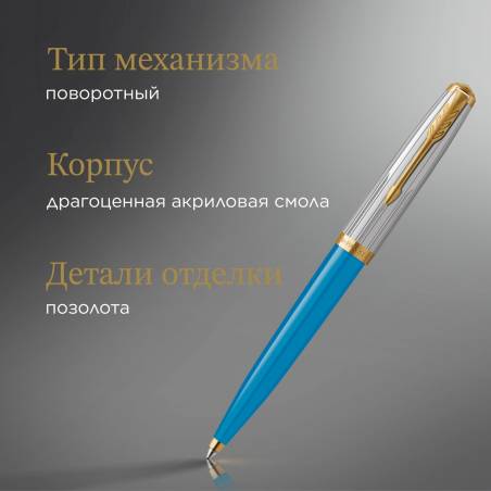 Ручка шариков. Parker 51 Premium (CW2169080) Turquoise GT M черн. черн. подар.кор.
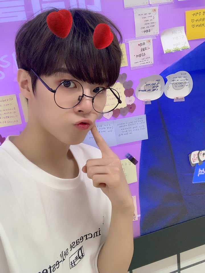“Xin chào! Mình là thực tập sinh của T.O.P Media - Kim Woo Seok đây ạ. Sự quyến rũ của mình là “sự quyến rũ bất ngờ/đảo ngược”. Khi mình đeo kính như thế này, mình có thể thể hiện một mặt dễ thương, và khi mình tháo kính ra ….. nó có giống nhau không…..? ㅎㅎ”.
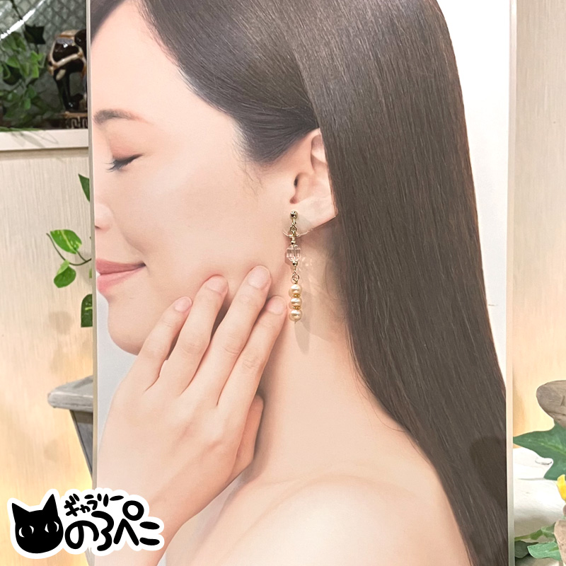 お顔周りを明るくしてくれるお色味で、パールを気軽にカジュアルに楽しめるイヤリングです。
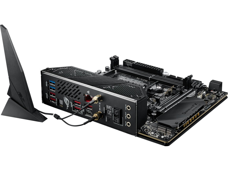 | Inkluderade tillbehör | RGB riktbar förlängningskabel för LED, ROG tackkort, Extern antenn, Gummidyna, ROG SO-DIMM.2-expansionskort med kylfläns, 2 x M.2-skruvar, RGB (RGBW) förlängningskabel till LED-remsa, Stort ROG-klistermärke, ROG-paneler |
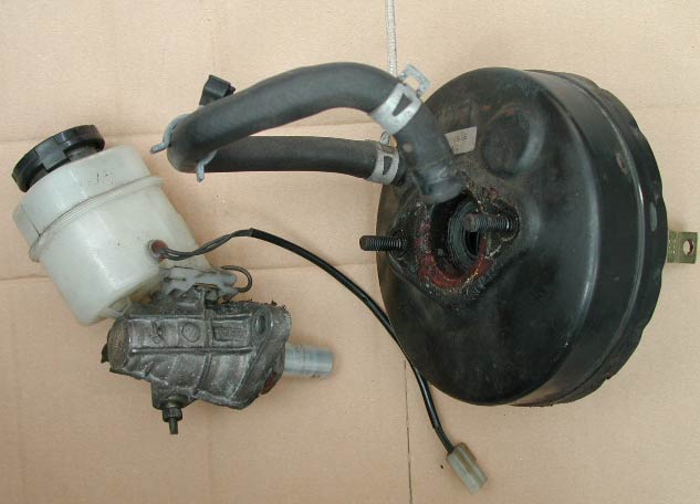 対策品みたいな形をしたものを分解すると、マスターバックの表面にブレーキフルードが垂れるということはなかったのだが、内部には多少漏れた跡がある。これはツインカム用の対策品と同じ傾向だ。
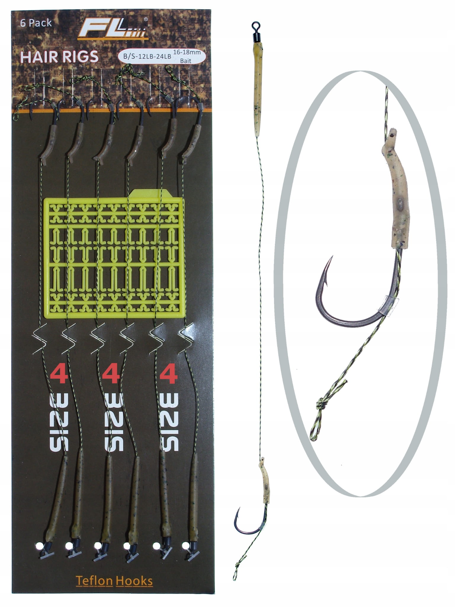 Przypony włosowe FL teflonowy haczyk 4 z pozycjonerem
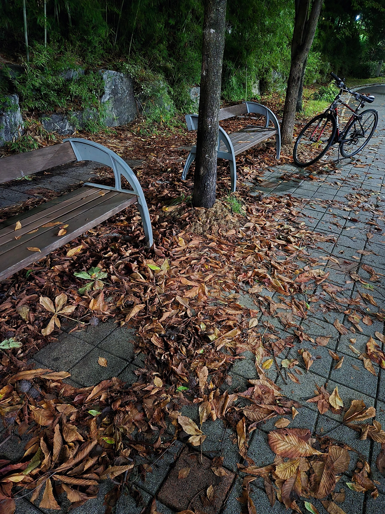 비 온 후 잎들이 떨어졌다

Work item: Transcribe the listing above in full. Pictures are not part of the copy.

Answer box:
 Ручка шариков. Parker 51 Premium (CW2169080) Turquoise GT M черн. черн. подар.кор.
“Xin chào! Mình là thực tập sinh của T.O.P Media - Kim Woo Seok đây ạ. Sự quyến rũ của mình là “sự quyến rũ bất ngờ/đảo ngược”. Khi mình đeo kính như thế này, mình có thể thể hiện một mặt dễ thương, và khi mình tháo kính ra ….. nó có giống nhau không…..? ㅎㅎ”.
 お顔周りを明るくしてくれるお色味で、パールを気軽にカジュアルに楽しめるイヤリングです。
 | Inkluderade tillbehör | RGB riktbar förlängningskabel för LED, ROG tackkort, Extern antenn, Gummidyna, ROG SO-DIMM.2-expansionskort med kylfläns, 2 x M.2-skruvar, RGB (RGBW) förlängningskabel till LED-remsa, Stort ROG-klistermärke, ROG-paneler |
 対策品みたいな形をしたものを分解すると、マスターバックの表面にブレーキフルードが垂れるということはなかったのだが、内部には多少漏れた跡がある。これはツインカム用の対策品と同じ傾向だ。
 Przypony włosowe FL teflonowy haczyk 4 z pozycjonerem
 비 온 후 잎들이 떨어졌다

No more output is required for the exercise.